Propaganda machine

Former government members run data firm behind successful leftist electoral campaigns in Hungary

Ex-PM Gordon Bajnai, former Minister for Intelligence Ádám Ficsor, campaign strategist Viktor Szigetvári, sociologist Tibor Dessewffy teamed up behind the Datadat group. The secretive company ran the Facebook ad campaign behind last year’s electoral successes for the united opposition.

A select group of top former politicians run the companies responsible for the lion’s share of the Facebook ad campaign of the united opposition during last year’s municipal elections in Hungary. The elections ended with surprise wins for the rainbow coalition of opposition groups, who managed to wrest control of Budapest and several other bigger cities from the ruling Fidesz party.

The opposition, drawing on limited resources in the face of overwhelming political, financial, and media superiority, in the online arena centred its efforts on EzaLényeg, a newly established news site. Átlátszó has already reported that EzaLényeg’s ‘news’, though not fake per se, were in fact carefully crafted and targeted messages aiming to resonate with various electoral groups and then given publicity via the spending of some 68,3 million HUF on Facebook’s advertising system.
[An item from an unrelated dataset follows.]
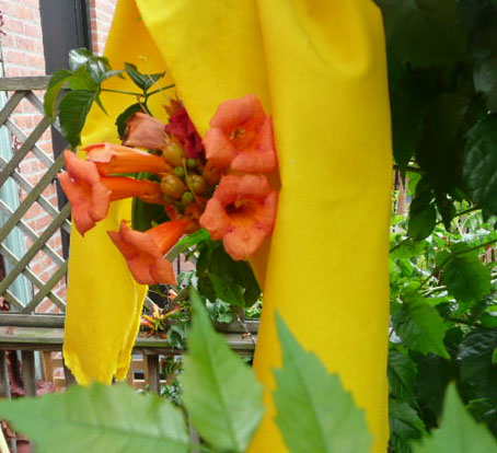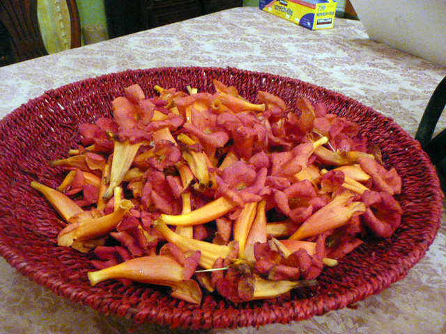 Last night I wanted to see if the orange trumpet flowers from my trumpet vine would produce orange dye. They were all over the deck and back yard, so I took my basket out and filled it up.
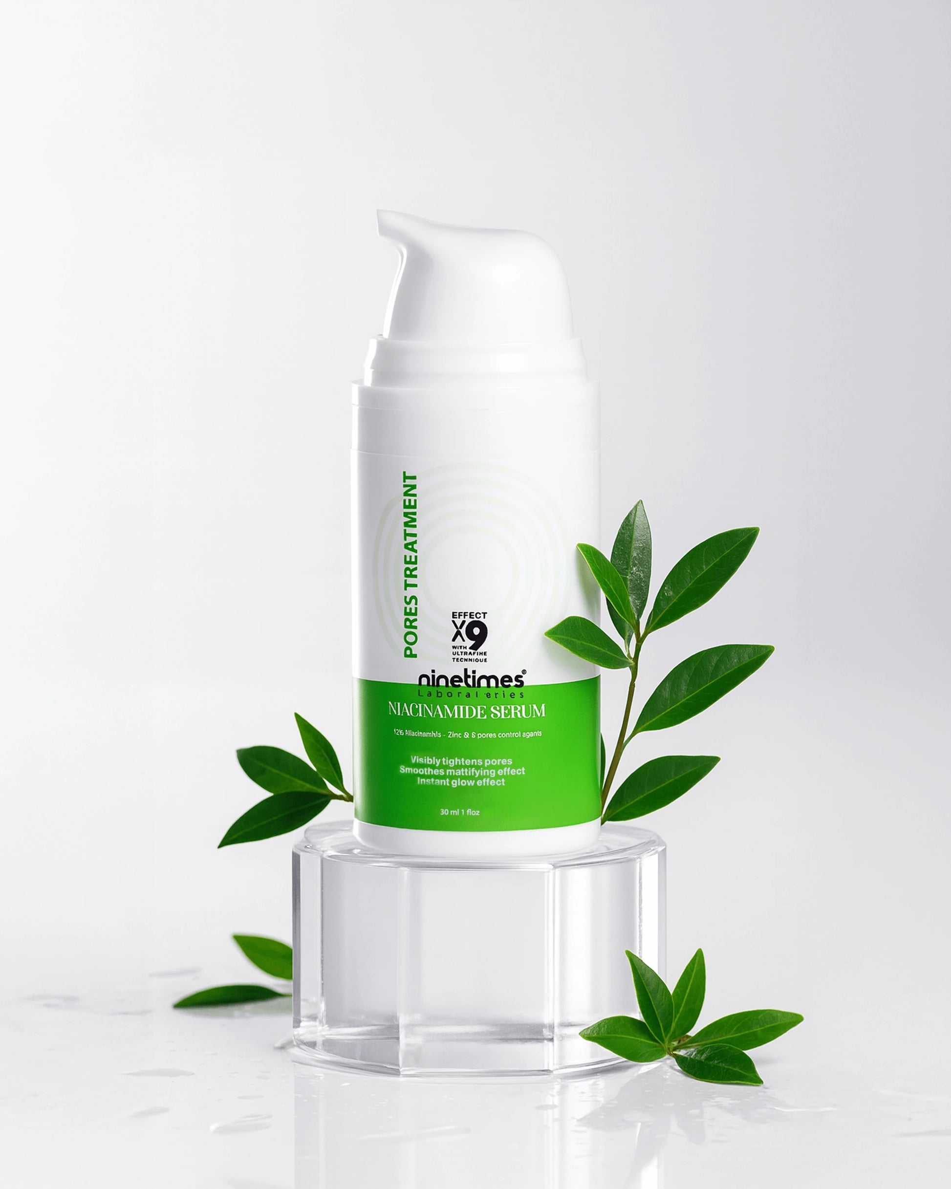 سيروم النياسيناميد من ناين تايمز بتركيز 10% ومادة الزنك لتنظيم افراز الدهون في المسام الواسعة تضييقها 89%، واعطاء البشرة مظهر مشدود ومنع ظهور حبوب البشرة الدهنية.

Now we’re pulling the curtain back on the group running the core of the operation. Former PM Gordon Bajnai, former Minister for Intelligence Ádám Ficsor, campaign strategist Viktor Szigetvári and sociologist Tibor Dessewffy are all, in various ways, partaking in the company group Datadat. The group includes Hungary-registered Datadat Professional Kft., which is responsible for politics-related activity, and B2B-oriented Datalyze Kft. and Datadat HR Kft., as well as Datadat OÜ, registered in Estonia. According to our sources, this group is responsible for EzaLényeg’s targeting.

Datadat Kft. is explicitly mentioned as ‘data processor’ on websites of several politicians, including MEP Klára Dobrev, PM-s László Varju and Oláh Lajos, and ex talk show host Olga Kálmán, all of whom are members of Demokratikus Koalíció (DK), a centre-liberal opposition party, and also Nyugati Fény, a news commentary site considered close to DK. Our sources say that the Messenger-bot of former PM Ferenc Gyurcsány, the president of DK is also the result of Datadat’s work.

Datadat OÜ is featured on the site of DK itself as responsible for software engineering, and as data processor on the site of last year’s electoral party of the united opposition in the town of Miskolc. Particularly worded privacy policies on other websites, which forgo exactly naming their data processors, hint at Datadat’s possible role at EzaLényeg, Idea Intézet, a left-leaning political analyst think tank, Partizán, a leftist video news channel, and also on the Facebook pages of the opposition’s electoral party in Szombathely and a single Socialist politician who ran for a seat in Kiskunfélegyháza.

Datadat’s own website advertises services including software helping messenger-bots and running connected databases sourced via various social media channels, reminiscent of the services provided by infamous Cambridge Analytica.